- **What this task involves**: Copy out each line below verbatim, skipping any picture.

Records from a collection:
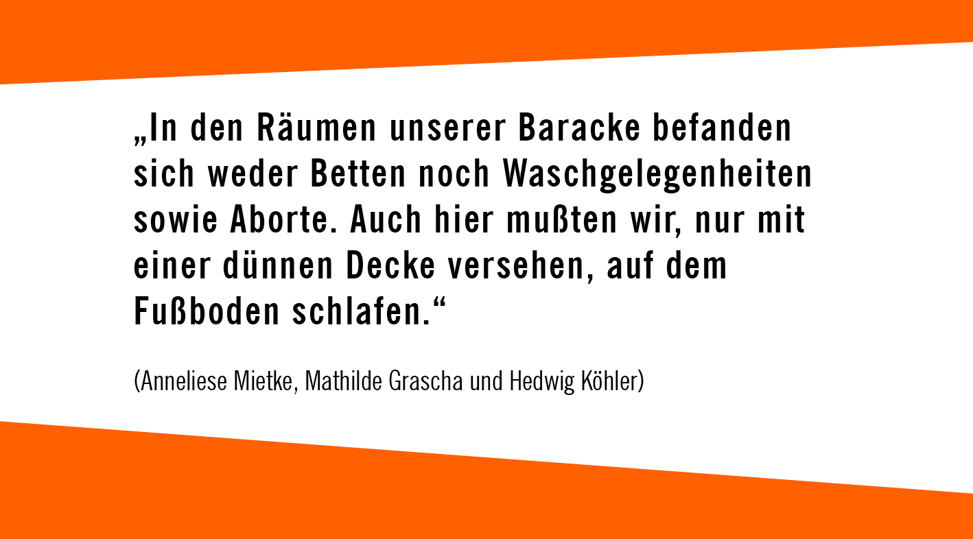 Über die Bedingungen im Lager berichten Anneliese Mietke, Mathilde Grascha und Hedwig Köhler. Die drei Frauen kamen aus dem Außenlager »Universelle« nach den Luftangriffen im Februar 1945 auf Dresden und waren zwischenzeitlich in Mockethal/Zatzschke interniert. In ihrem Bericht heißt es:
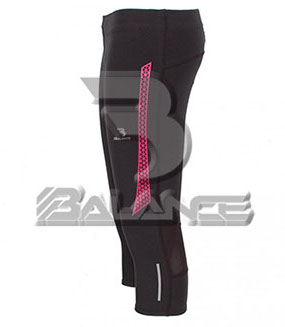 Women sports compression capri leggings made of best quality soft and strong polyester spandex. Used for fitness training, gym, yoga or running. Tech design on both sides with mesh panels.
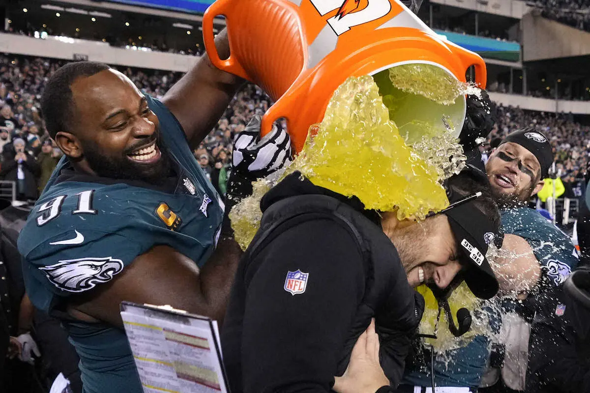 シリアンニ監督にスポーツドリンクのシャワーを浴びせるイーグルスのDTコックス(AP)
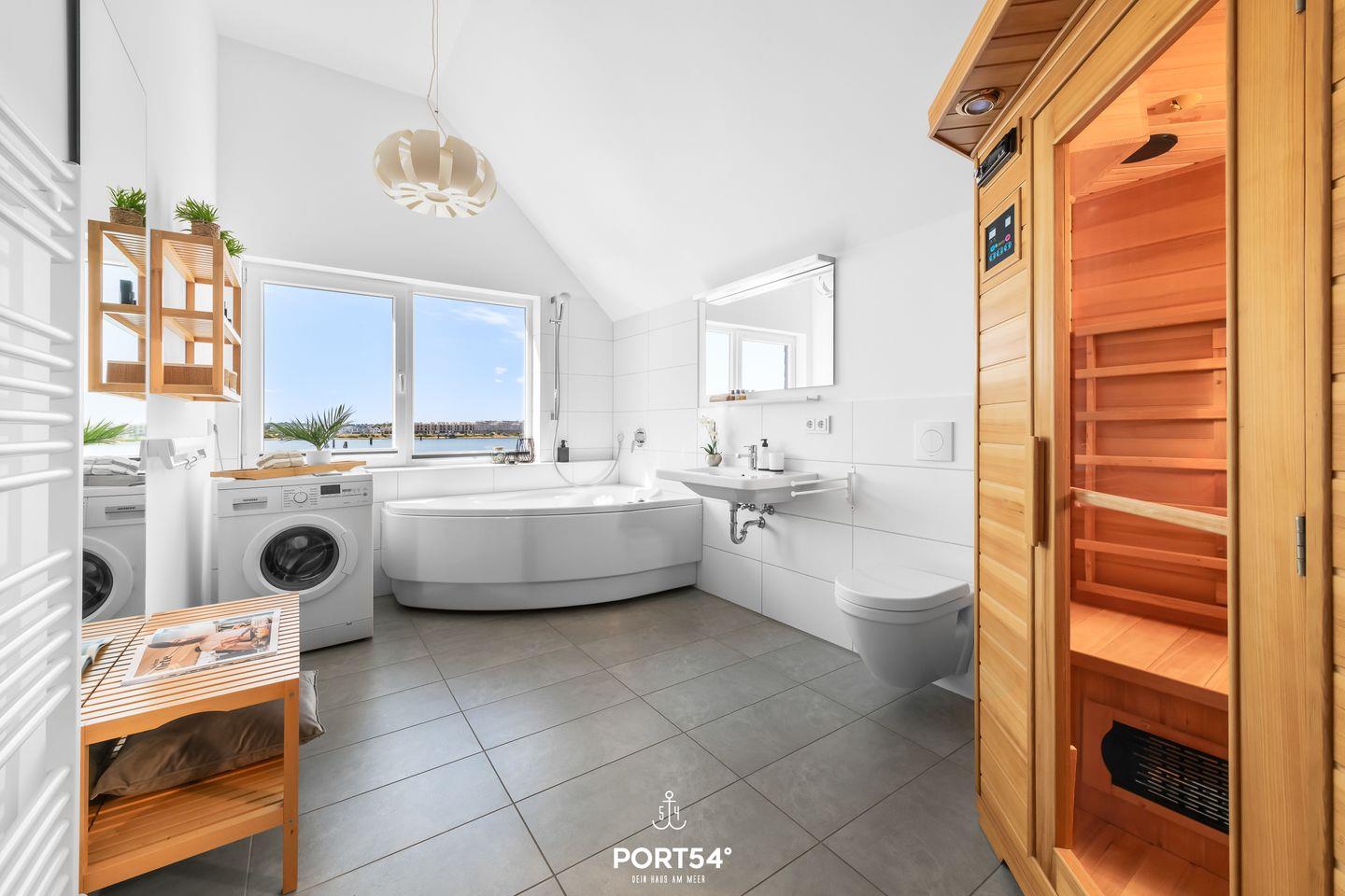 Ebenfalls auf dieser Etage befindet sich ein großzügiges Badezimmer. Genieße den traumhaften Ausblick aus der Whirlwanne oder erhole Dich in der privaten Infrarot-Wärmekabine.
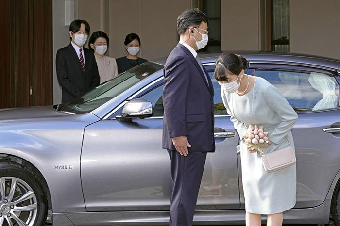Ataviada con un vestido de una pieza en tono azul pastel, collar de perlas y un ramillete de flores color rosa palo, Mako dedicó repetidas reverencias a sus padres, los príncipes herederos Fumihito y Kiko, antes de partir a reunirse con su marido para la comparecencia.

- **Response**:
 Über die Bedingungen im Lager berichten Anneliese Mietke, Mathilde Grascha und Hedwig Köhler. Die drei Frauen kamen aus dem Außenlager »Universelle« nach den Luftangriffen im Februar 1945 auf Dresden und waren zwischenzeitlich in Mockethal/Zatzschke interniert. In ihrem Bericht heißt es:
 Women sports compression capri leggings made of best quality soft and strong polyester spandex. Used for fitness training, gym, yoga or running. Tech design on both sides with mesh panels.
 シリアンニ監督にスポーツドリンクのシャワーを浴びせるイーグルスのDTコックス(AP)
 Ebenfalls auf dieser Etage befindet sich ein großzügiges Badezimmer. Genieße den traumhaften Ausblick aus der Whirlwanne oder erhole Dich in der privaten Infrarot-Wärmekabine.
Ataviada con un vestido de una pieza en tono azul pastel, collar de perlas y un ramillete de flores color rosa palo, Mako dedicó repetidas reverencias a sus padres, los príncipes herederos Fumihito y Kiko, antes de partir a reunirse con su marido para la comparecencia.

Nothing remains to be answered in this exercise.